A repurposed hemofiltration machine is saving the lives of many neonates with severe kidney problems. Designed by a physician at Children's of Alabama, this adapted technology has led to higher survival rates and fewer complications for these small patients.
"Prior to 2014, it was challenging to perform dialysis in small children using machines designed for adults because we needed to use large vascular catheters and the amount of blood outside the body made up a large portion of their total blood volume. For these reasons, the rates of patient complications and technical challenges were high so we rarely dialyzed infants in need," says David Askenazi, MD, MSPH, director of the Pediatric and Infant Center for Acute Care Nephrology at Children's of Alabama. "We had the idea to adapt the Aquadex FlexFlow® System, a machine with much smaller blood circuit using external infusion pumps and Y-connectors. The repurposed machine now allows us to do what is necessary to maintain normal electrolytes, to clear waste products, and to remove excess fluid with fewer complications. In essence, it allows us to do the job of the kidneys for these babies without them even knowing that it's happening."
When using the adult machine in the past, the procedure was complex and resulted in a lot of alarms and complications. Now, Askenazi can trust that the machine is going to provide therapy without complications. "By showing that the complication rates are as low as pediatric and adult patients, our ICU physician colleagues are reaching out to us sooner. The number of babies with kidney failure that we support has increased exponentially," he says.
Children's of Alabama was the first program to use this approach, and Askenazi and his colleagues have helped five other programs throughout the country to use the Aquadex for their tiny patients. Today, Children's of Alabama has six Aquadex machines, and babies in the NICU spent more than 1,100 days on dialysis in 2018 compared to just 30 days in 2013.
"In our hands, 97 percent of the therapy initiations occur without any hemodynamic changes. That shows that we get even tiny and/or sick babies on the machine safely," Askenazi says. "That reduction in patient complications has changed our collective approach to dialysis in infants.
"We are dedicated to continued improvement. It is an iterative process, and we have made modifications to our processes and procedures for the needs of our patients. We are working with the Aquadex company to help them as they consider their next steps. We hope they can incorporate additional features in the design of future machines to allow us do our jobs even better."
Askenazi and his team published results of their first 12 patients in the Pediatric Nephrology journal in 2016. Since then, they have treated more than 90 patients, the smallest just two pounds, seven ounces.
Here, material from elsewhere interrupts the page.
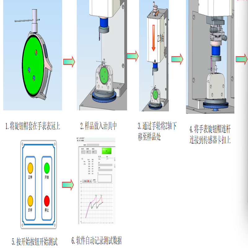 手表旋钮扭力测试步骤:
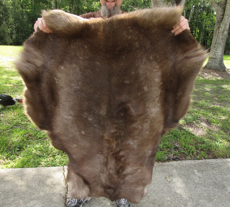 Grade B Reindeer hide, reindeer skin without legs imported from Finland, farm raised for food.  This hide measures approximately 44 inches long and 34 inches wide.  Slice on end on back of skin - Review all photos. This reindeer fur without legs is professionally tanned and imported from Finland.  The legs have been trimmed off. This reindeer hide without legs is a natural and comfortable product and looks great as a wall decoration in a cabin or den, as furniture throws or decorative rugs but should not be walked or stepped on, to prevent shedding and breaking of the fur.  Reindeer skins and hides should be cleaned once a year with a standard vacuum on the lowest power.

They recently published their experience at Children's of Alabama and two other centers in the Clinical Journal of the American Society of Nephrology. They also have taught nephrologists from children's hospitals around the country to use the Aquadex, which has saved many lives. As a result, the machine's manufacturer is pursuing a pediatric indication for Aquadex, something that will be important for these tiny patients.
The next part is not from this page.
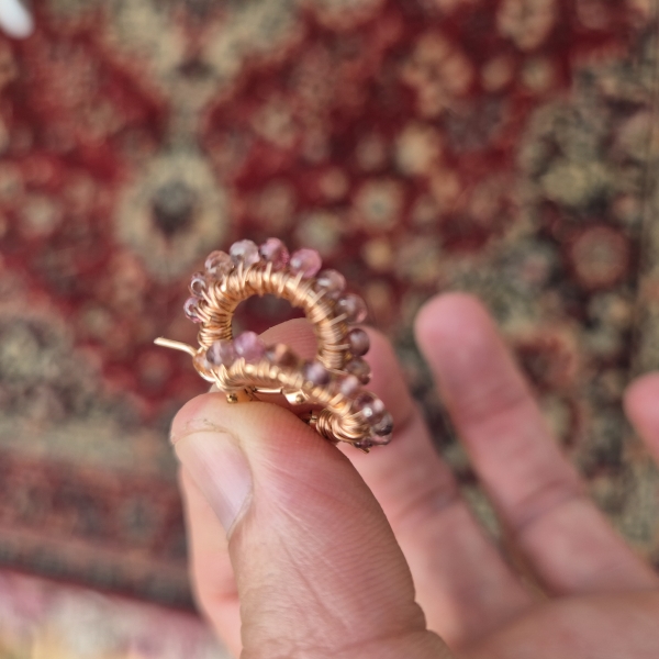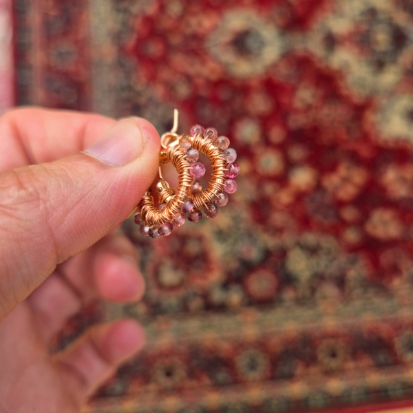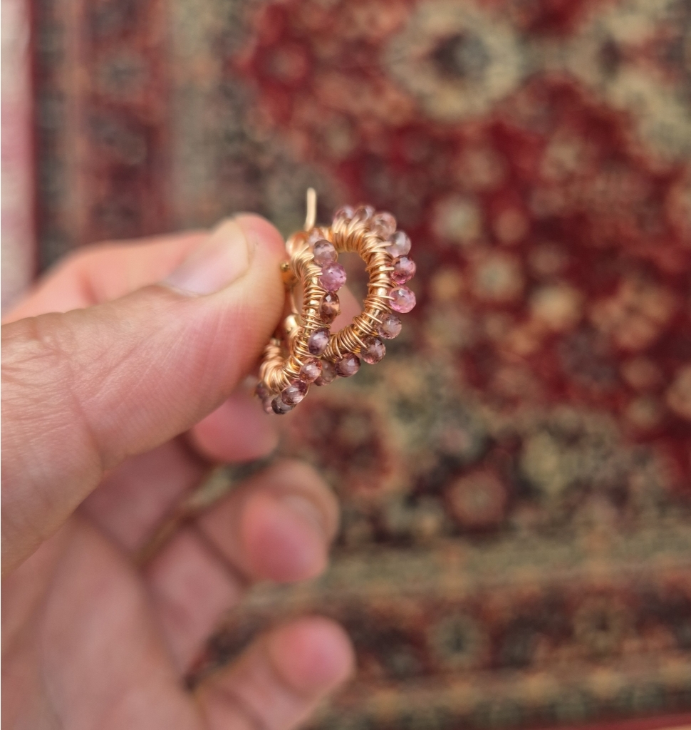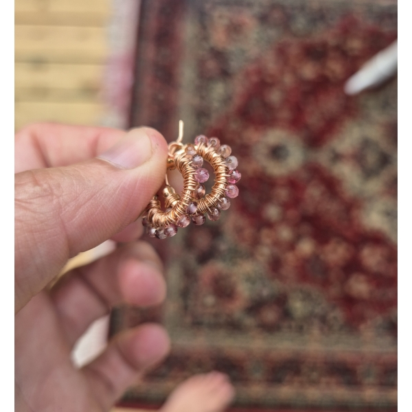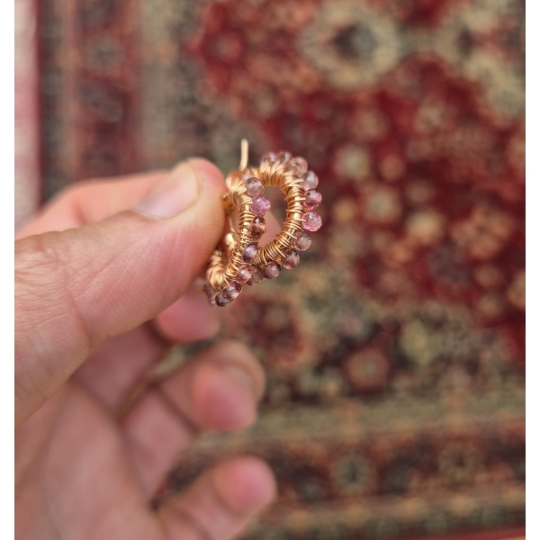 Rosa gyllen skjønne øreringer med krans av Spinell Edelstein. Dem har innside diameter er 13mm, ytterst ca 2 cm. Metallet er av rosegull 14 Karat Gold-Filled, som er hypoallergisk vennlig og gir et tilnærmet evigvarende lag med gull.

"It is important to recognize that this program to save babies lives is not just one person or one physician group. Our success is built on partnerships between multiple units and groups in our program. These babies are in contact with neonatologists, nephrologists, surgeons, nurses, nurse practitioners, nutritionists, administration and many others," Askenazi says. "It takes a lot of time and energy to build this program and care for these tiny patients, but it is rewarding for us to give these babies the best chance to live."